Today, with the rapid development of AI technology, small language models (SLM) have attracted much attention due to their ability to run on resource-constrained devices. The Nvidia team recently released Llama-3.1-Minitron4B, an excellent small language model based on compression of the Llama 3 model. It utilizes model pruning and distillation technologies to rival larger models in performance, while having efficient training and deployment advantages, bringing new possibilities to AI applications. The editor of Downcodes will take you to have an in-depth understanding of this technological breakthrough.

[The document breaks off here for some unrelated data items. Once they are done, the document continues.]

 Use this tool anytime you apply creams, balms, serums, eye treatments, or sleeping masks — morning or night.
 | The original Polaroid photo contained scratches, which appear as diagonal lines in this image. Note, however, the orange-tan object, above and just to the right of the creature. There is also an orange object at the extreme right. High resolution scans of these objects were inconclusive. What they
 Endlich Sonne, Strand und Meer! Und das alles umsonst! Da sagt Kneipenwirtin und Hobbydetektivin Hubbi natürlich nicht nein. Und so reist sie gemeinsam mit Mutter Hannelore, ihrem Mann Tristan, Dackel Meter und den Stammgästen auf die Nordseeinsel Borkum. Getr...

In an era when technology companies are chasing artificial intelligence on devices, more and more small language models (SLM) are emerging and can run on resource-constrained devices. Recently, Nvidia's research team used cutting-edge model pruning and distillation technology to launch Llama-3.1-Minitron4B, a compressed version of the Llama3 model. This new model is not only comparable in performance to larger models, but also competes with smaller models of the same size, while being more efficient in training and deployment.

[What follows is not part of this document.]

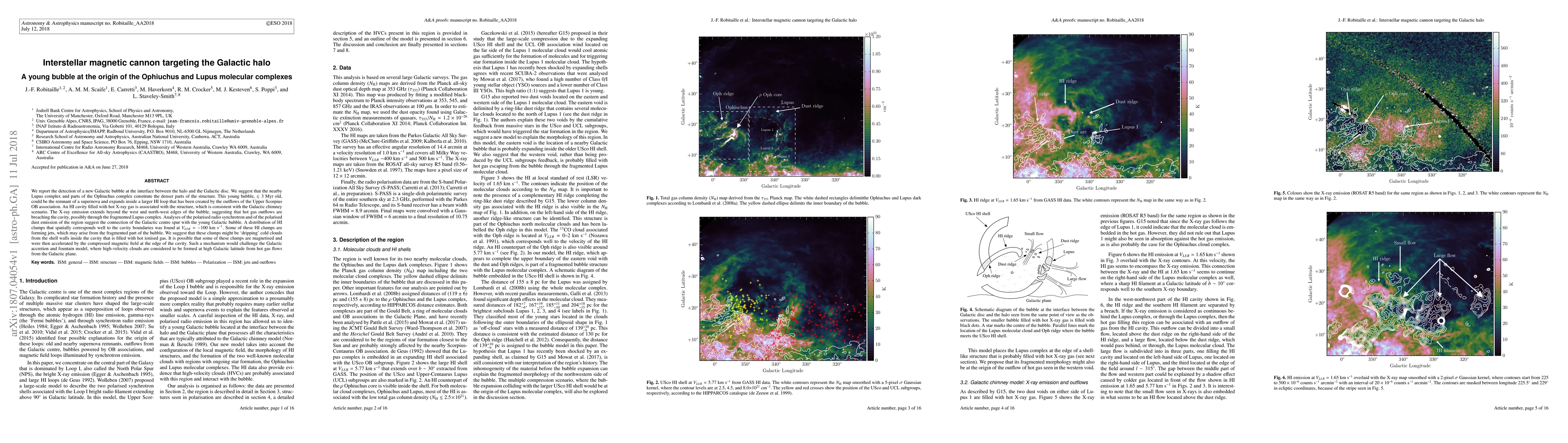 We report the detection of a new Galactic bubble at the interface between the halo and the Galactic disc. We suggest that the nearby Lupus complex and parts of the Ophiuchus complex constitute the denser parts of the structure. This young bubble, < 3 Myr old, could be the remnant of a supernova and expands inside a larger HI loop that has been created by the outflows of the Upper Scorpius OB association. An HI cavity filled with hot X-ray gas is associated with the structure, which is consistent with the Galactic chimney scenario. The X-ray emission extends beyond the west and north-west edges of the bubble, suggesting that hot gas outflows are breaching the cavity, possibly through the fragmented Lupus complex. Analyses of the polarised radio synchrotron and of the polarised dust emission of the region suggest the connection of the Galactic centre spur with the young Galactic bubble. A distribution of HI clumps that spatially corresponds well to the cavity boundaries was found at V_LSR ~ -100 km/s. Some of these HI clumps are forming jets, which may arise from the fragmented part of the bubble. We suggest that these clumps might be `dripping' cold clouds from the shell walls inside the cavity that is filled with hot ionised gas. It is possible that some of these clumps are magnetised and were then accelerated by the compressed magnetic field at the edge of the cavity. Such a mechanism would challenge the Galactic accretion and fountain model, where high-velocity clouds are considered to be formed at high Galactic latitude from hot gas flows from the Galactic plane.
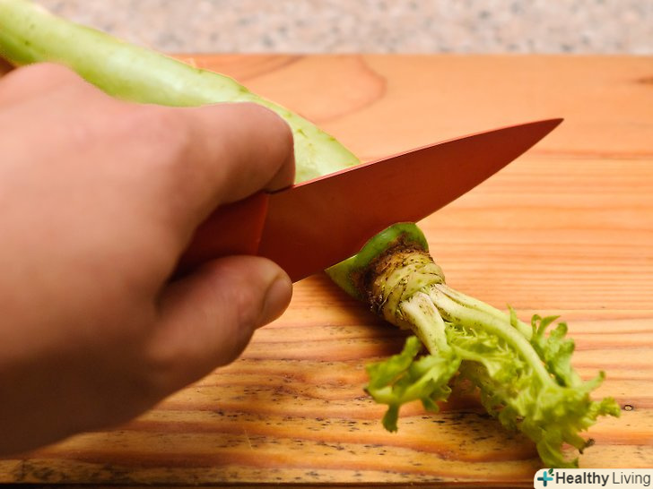 Видаліть з кореневища листя, відрізавши ножем.Необов'язково викидати листя-їх можна їсти і зробити додатковим інгредієнтом до салатів. Також можете висушити їх, щоб використовувати пізніше.

Pruning and distillation are two key techniques for creating smaller, more efficient language models. Pruning refers to removing unimportant parts of the model, including "depth pruning" - removing entire layers, and "width pruning" - removing specific elements such as neurons and attention heads. Model distillation, on the other hand, transfers knowledge and capabilities from a large model (i.e., "teacher model") to a smaller, simpler "student model."
There are two main methods of distillation. The first is through "SGD training", which allows the student model to learn the input and response of the teacher model. The second is "classical knowledge distillation". Here, in addition to learning results, the student model also needs Internal activation of the learning teacher model.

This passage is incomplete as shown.